Work instructions:
Quote the records exactly, starting at the first line and stopping after the line with "Konferenční stolek Sumy (dub + bílá) je"; skip the pictures.

=== Excerpted data ===

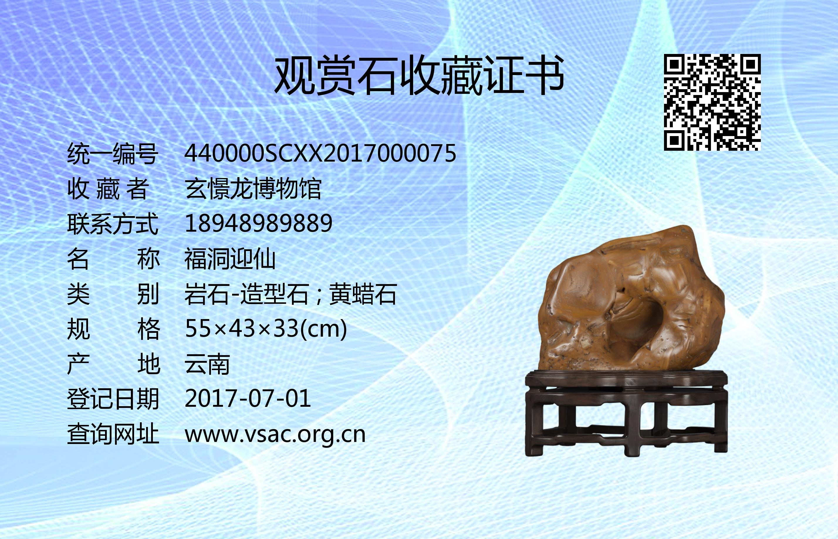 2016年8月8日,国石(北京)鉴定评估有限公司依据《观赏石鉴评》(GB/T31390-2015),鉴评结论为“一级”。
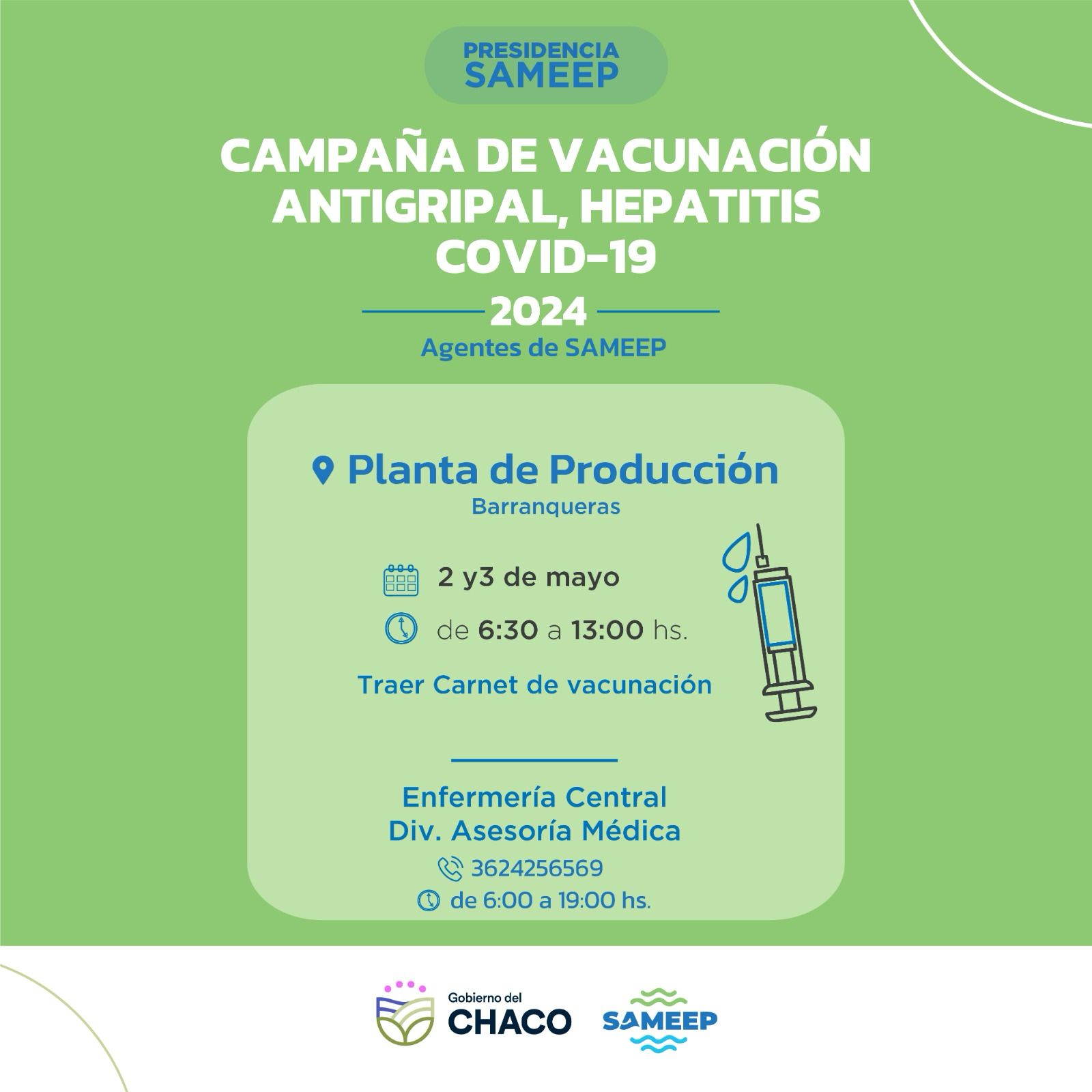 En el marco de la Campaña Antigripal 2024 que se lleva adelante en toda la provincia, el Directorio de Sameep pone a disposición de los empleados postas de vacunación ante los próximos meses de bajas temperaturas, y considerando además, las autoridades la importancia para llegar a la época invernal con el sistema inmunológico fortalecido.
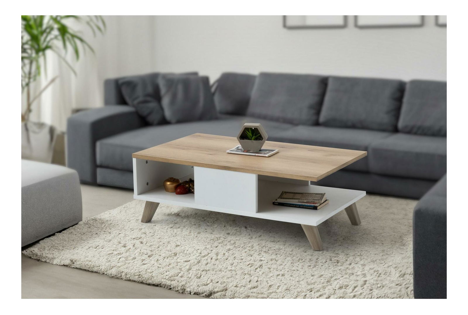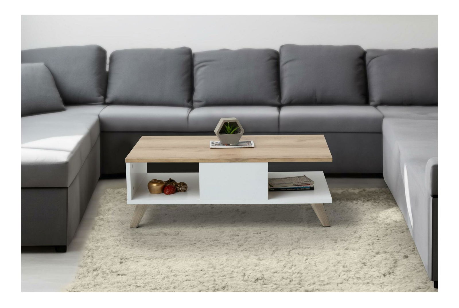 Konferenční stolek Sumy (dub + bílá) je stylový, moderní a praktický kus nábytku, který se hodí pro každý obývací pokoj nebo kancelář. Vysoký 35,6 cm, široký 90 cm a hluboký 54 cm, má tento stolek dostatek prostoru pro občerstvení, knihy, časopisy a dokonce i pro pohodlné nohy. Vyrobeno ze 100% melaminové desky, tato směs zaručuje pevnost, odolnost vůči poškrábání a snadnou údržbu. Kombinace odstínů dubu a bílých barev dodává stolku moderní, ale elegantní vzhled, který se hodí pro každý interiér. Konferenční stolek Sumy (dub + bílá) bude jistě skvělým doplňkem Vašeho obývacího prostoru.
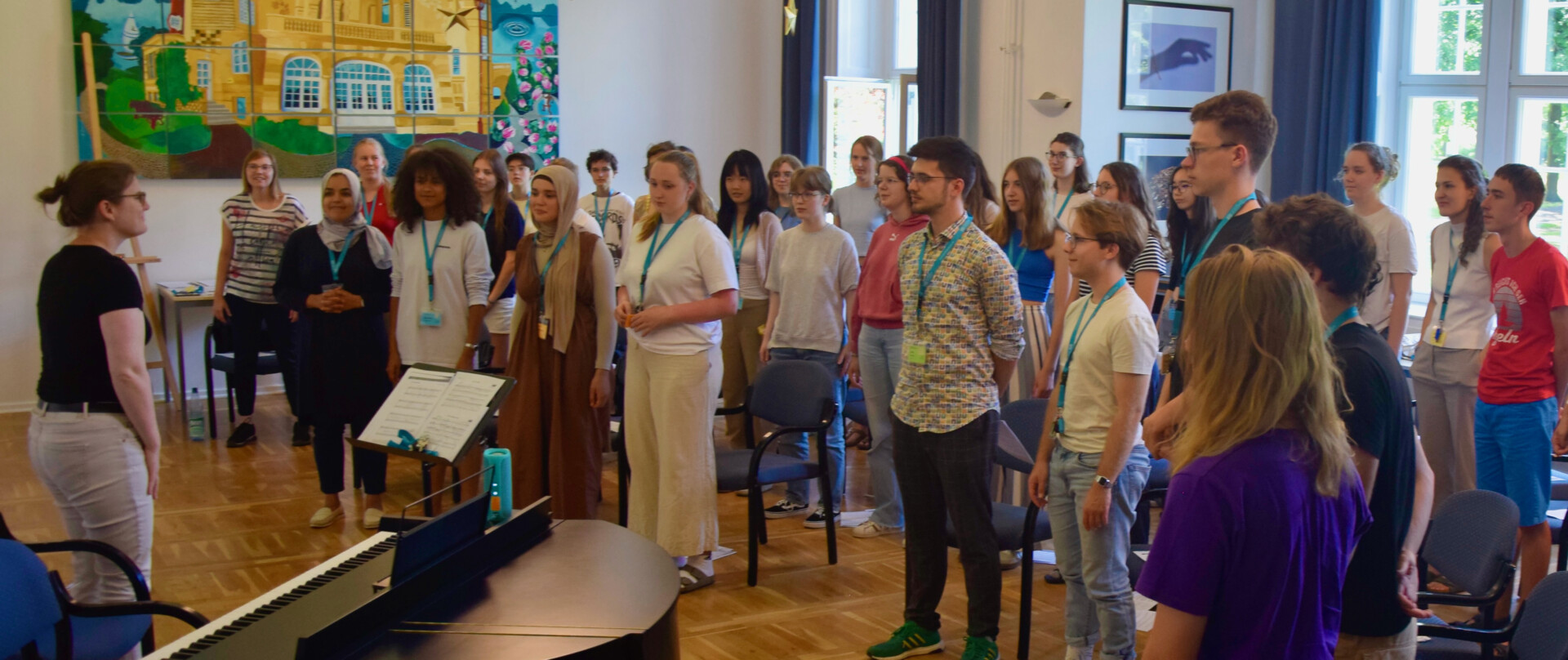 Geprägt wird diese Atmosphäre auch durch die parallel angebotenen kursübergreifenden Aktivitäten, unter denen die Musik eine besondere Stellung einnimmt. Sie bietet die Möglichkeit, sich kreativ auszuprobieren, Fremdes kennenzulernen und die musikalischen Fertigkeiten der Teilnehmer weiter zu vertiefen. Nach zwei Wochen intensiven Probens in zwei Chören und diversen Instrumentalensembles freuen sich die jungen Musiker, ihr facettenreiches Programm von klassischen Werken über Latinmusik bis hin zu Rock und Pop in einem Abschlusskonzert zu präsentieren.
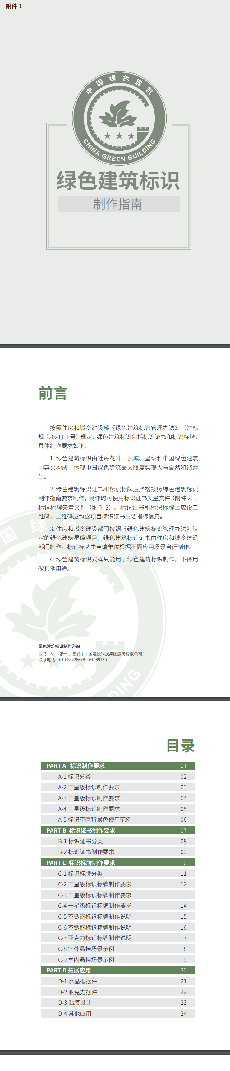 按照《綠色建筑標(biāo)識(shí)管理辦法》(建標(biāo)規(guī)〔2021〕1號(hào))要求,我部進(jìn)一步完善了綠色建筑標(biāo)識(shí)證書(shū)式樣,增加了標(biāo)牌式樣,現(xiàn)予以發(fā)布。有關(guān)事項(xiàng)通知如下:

===

Answer:
 2016年8月8日,国石(北京)鉴定评估有限公司依据《观赏石鉴评》(GB/T31390-2015),鉴评结论为“一级”。
 En el marco de la Campaña Antigripal 2024 que se lleva adelante en toda la provincia, el Directorio de Sameep pone a disposición de los empleados postas de vacunación ante los próximos meses de bajas temperaturas, y considerando además, las autoridades la importancia para llegar a la época invernal con el sistema inmunológico fortalecido.
 Konferenční stolek Sumy (dub + bílá) je stylový, moderní a praktický kus nábytku, který se hodí pro každý obývací pokoj nebo kancelář. Vysoký 35,6 cm, široký 90 cm a hluboký 54 cm, má tento stolek dostatek prostoru pro občerstvení, knihy, časopisy a dokonce i pro pohodlné nohy. Vyrobeno ze 100% melaminové desky, tato směs zaručuje pevnost, odolnost vůči poškrábání a snadnou údržbu. Kombinace odstínů dubu a bílých barev dodává stolku moderní, ale elegantní vzhled, který se hodí pro každý interiér. Konferenční stolek Sumy (dub + bílá) bude jistě skvělým doplňkem Vašeho obývacího prostoru.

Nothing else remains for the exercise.